Background estimation#
The background computed by the MapDatasetMaker
gives the number of counts predicted by the background IRF of the observation. Because its actual normalization, or even its spectral shape, might be poorly constrained, it is necessary to correct it with the data themselves. This is the role of background estimation Makers.
FoV background#
If the background energy dependent morphology is well reproduced by the background model stored in the IRF, it might be that its normalization is incorrect and that some spectral corrections are necessary. This is made possible thanks to the gammapy.makers.FoVBackgroundMaker
. This technique is recommended in most 3D data reductions. For more details and usage, see fov_background.

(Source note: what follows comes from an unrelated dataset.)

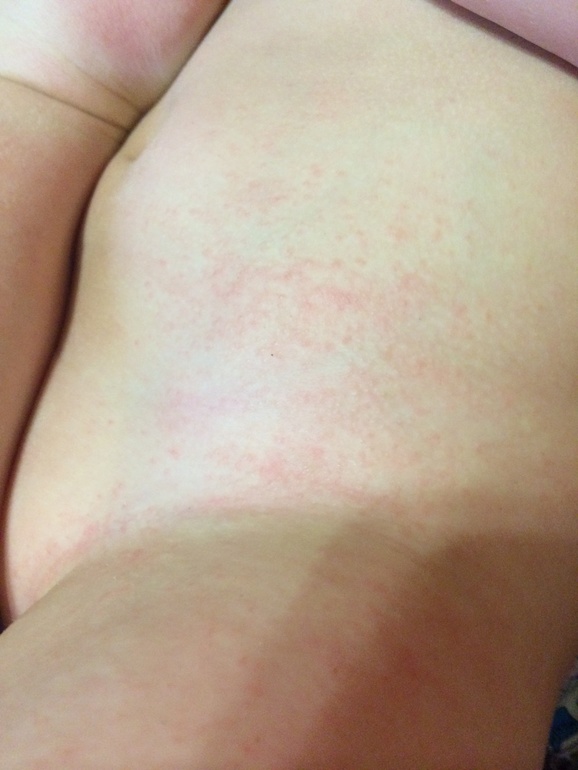 темпы не было? Значит точно не розеола ,скорее контактный дерматит , на памперсы может быть на смену порошка или кондея , купите мазь синафлан стоит около 60 рублей , поможет точно , тонким слоем 1-2 раза в день

Here we are going to use a gammapy.makers.FoVBackgroundMaker
that will rescale the background model to the data excluding the region where a known source is present. For more details on the way to create exclusion masks see the mask maps notebook.
[7]:
circle = CircleSkyRegion(center=geom.center_skydir, radius=0.2 * u.deg)
exclusion_mask = geom.region_mask([circle], inside=False)

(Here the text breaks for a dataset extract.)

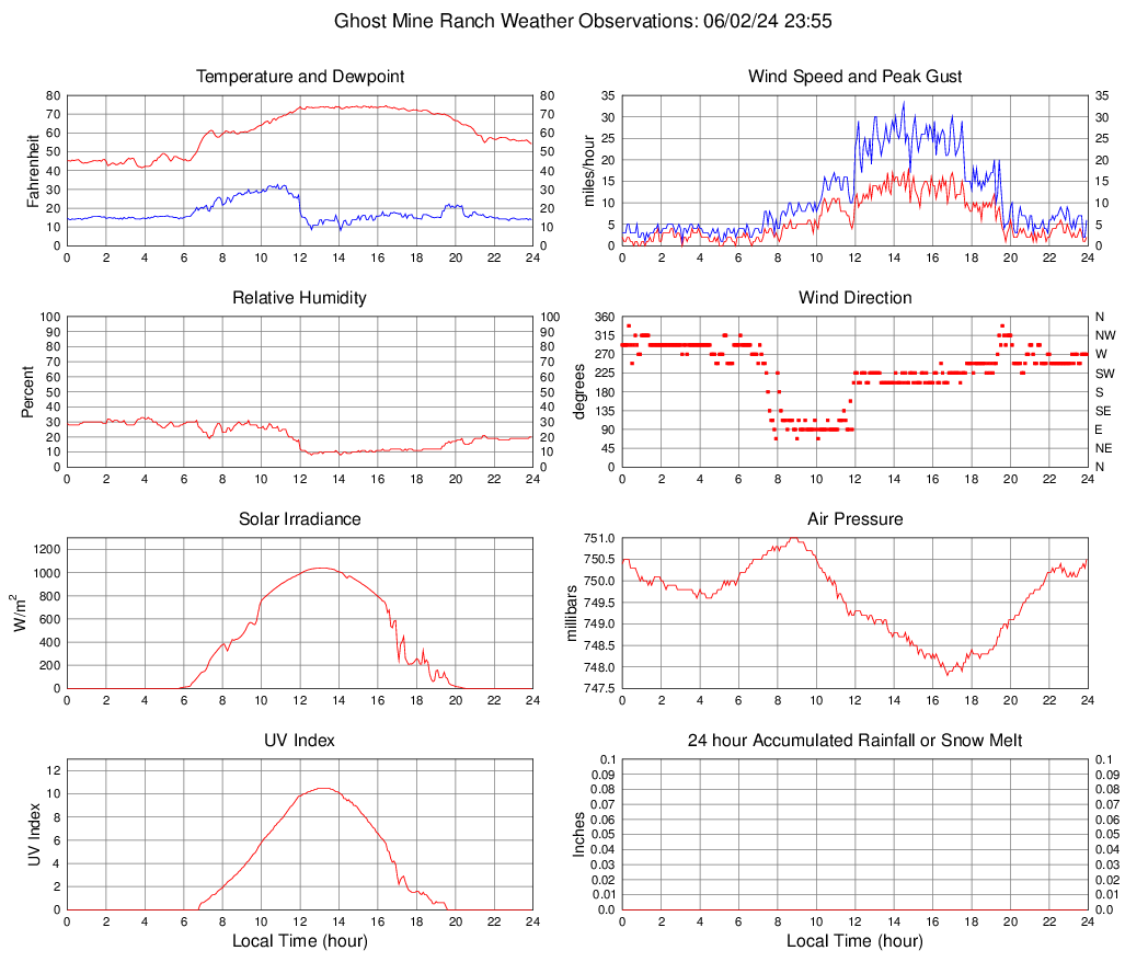 Temperature (F) 54.2 41.5 @ 03:50 74.5 @ 16:25 60.5

fov_bkg_maker = FoVBackgroundMaker(
method="scale", exclusion_mask=exclusion_mask
)
dataset = fov_bkg_maker.run(dataset)
Other backgrounds production methods are available as listed below.
Ring background#
If the background model does not reproduce well the morphology, a classical approach consists in applying local corrections by smoothing the data with a ring kernel. This allows to build a set of OFF counts taking into account the inperfect knowledge of the background. This is implemented in the gammapy.makers.RingBackgroundMaker
which transforms the Dataset in a MapDatasetOnOff
. This technique is mostly used for imaging, and should not be applied for 3D modeling and fitting.
For more details and usage, see ring_background.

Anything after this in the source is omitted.